2008-05-17 Thread Bill Hart

Yet another idea.

Suppose we do not combine entire rows in the Gray table, but only half
rows. Once half a row is bigger than a single cache line (512 bits on
the Opteron) we may as well work with half rows. This allows us to
work with twice as many rows at once in the Gray tables (each of half
the size). This means that we are dealing with twice as many bits from
rows of A as usual and twice as many rows of B as usual, but we need
to do it all again for the second half of the rows. This means we get
twice the work done in the same amount of cache space.

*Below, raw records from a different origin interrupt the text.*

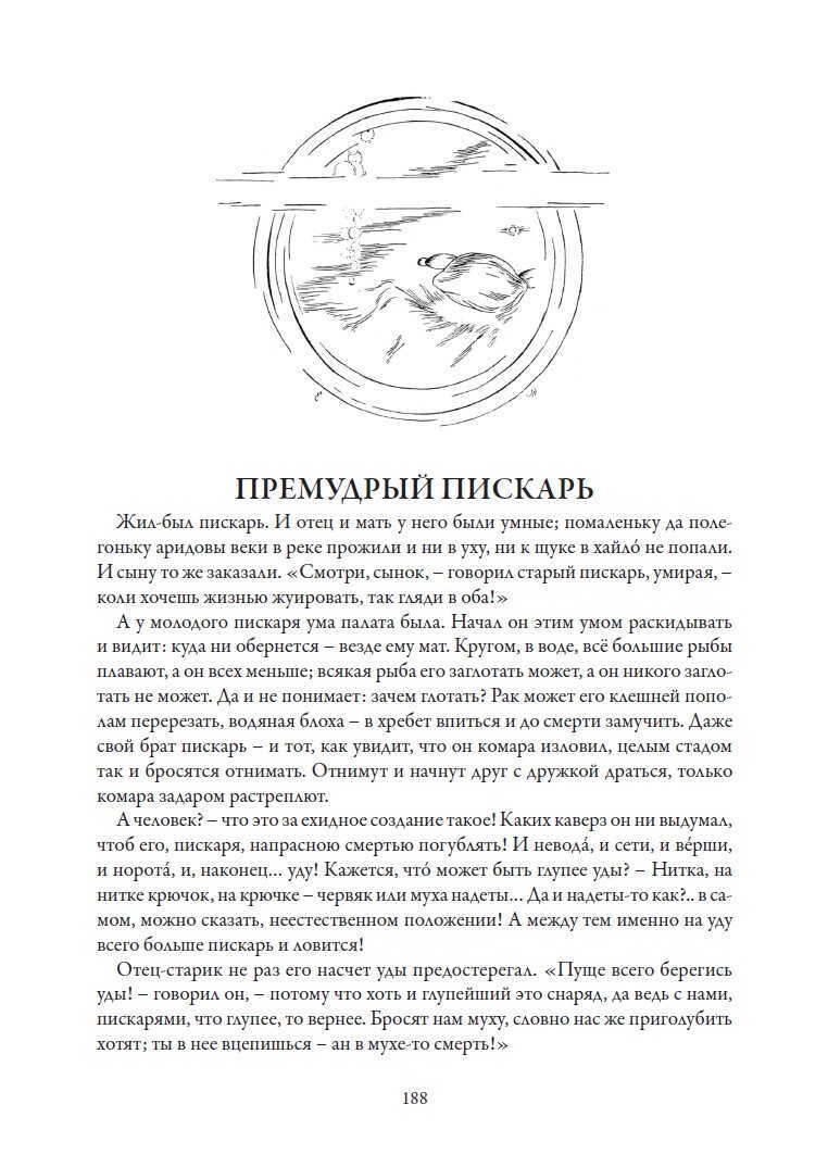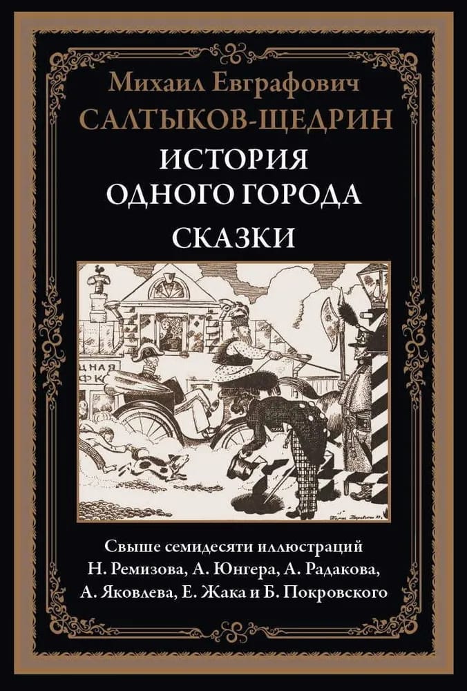 Знаменитый сатирический роман-хроника «История одного города» М. Е. Салтыкова-Щедрина в этом издании проиллюстрирован портретами глуповских градоначальников, выполненных Николаем Ремизовым, Александром Юнгером, Алексеем Радаковым и Александром Яковлевым; впервые эти блестящие рисунки были опубликованы в 1907 г. отдельным альбомом. Издание включает также девятнадцать сказок Салтыкова-Щедрина, в том числе такие известные как «Премудрый пескарь» и «Карась-идеалист». Рисунки к сказкам выполнены Евгением Жаком и Борисом Покровским.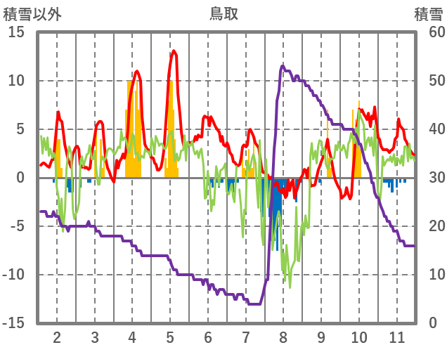 | 日 | 時 | 気温 | 降水 | 風向/風速 | 日照 | 積雪 | 降雪 |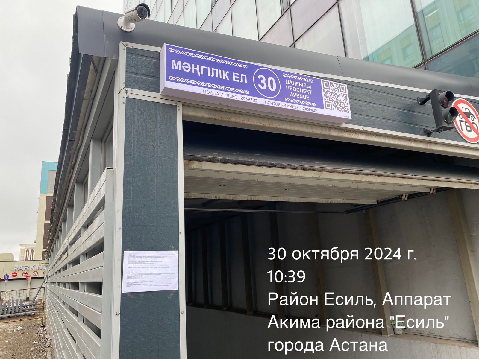 6.3. расположение мест, специально предназначенных для Размещения печатных объявлений (доски объявлений): г. Астана, ул. Мангилик Ел 30. Информационный стенд ГУ "АППАРАТ АКИМА РАЙОНА "ЕСИЛЬ" ГОРОДА АСТАНА; г. Астана, ул. Мангилик Ел 40/2, доска объявлений Жилого комплекса Коркем 4

Combined with the idea of using two Gray tables of 2^5 combinations of
rows instead of a single table of 2^6 combinations of rows, this would
equate to dealing with 20 bits of each row of A at a time and 20 rows
of B at a time.

With this scheme, there would then be 4 arithmetic operations in SSE
registers, 5 loads and 1 store, when combining rows from Gray tables,
instead of about 6.6 loads, 3.3 stores and 3.3 arithmetic operations,
changing the ratio of load/stores to arithmetic ops from 2.7 to 1.5.

This is another example where copying the data (the half rows) out and
reordering it so it has better locality, would probably make a big
difference. That sort of thing always works exceptionally well on AMD
chips.

Bill.

On 17 May, 21:05, Bill Hart [EMAIL PROTECTED] wrote:
 That's looking good. Would you like me to run it on an unburdened
 opteron to see how it goes? If you like you can send me a tarball and
 I'll try it out.

 I think our best bet for a significant improvement now is the idea of
 using two Gray tables of half the size simultaneously. I also realised
 it possibly improves the cache performance for the A matrix too.

 I was casually wondering whether Magma might use a highly optimised
 Winograd's algorithm instead of the naive algorithm. But over GF2 I
 think it probably actually takes longer, since it basically replaces
 n^2 full length scalar multiplies by n^2 half length ones and 2*n^2
 half row additions, plus a pile of other overhead.

 Bill.

 On 17 May, 20:32, Martin Albrecht [EMAIL PROTECTED]
 wrote:

  On Saturday 17 May 2008, Martin Albrecht wrote:

I think a better idea would be to explicitly force all matrices and
all rows to be 128 bit aligned if the matrices are wide enough to
benefit from SSE2, Then the combine function can always use SSE2 and
there will be no need to check for alignment.

   That doesn't seem to make a noticeable difference for me (on C2D). 
   However,
   I realised that the multiplications where the target matrix is a real
   matrix rather than a window (which has bad data locality). Copying
   everything over seems not like a good idea but it at least indicates an
   area for improvements.

  Okay, if I only copy when we crossover to M4RM then the memory overhead is
  constant (~ cutoff^2) and the performance still improves.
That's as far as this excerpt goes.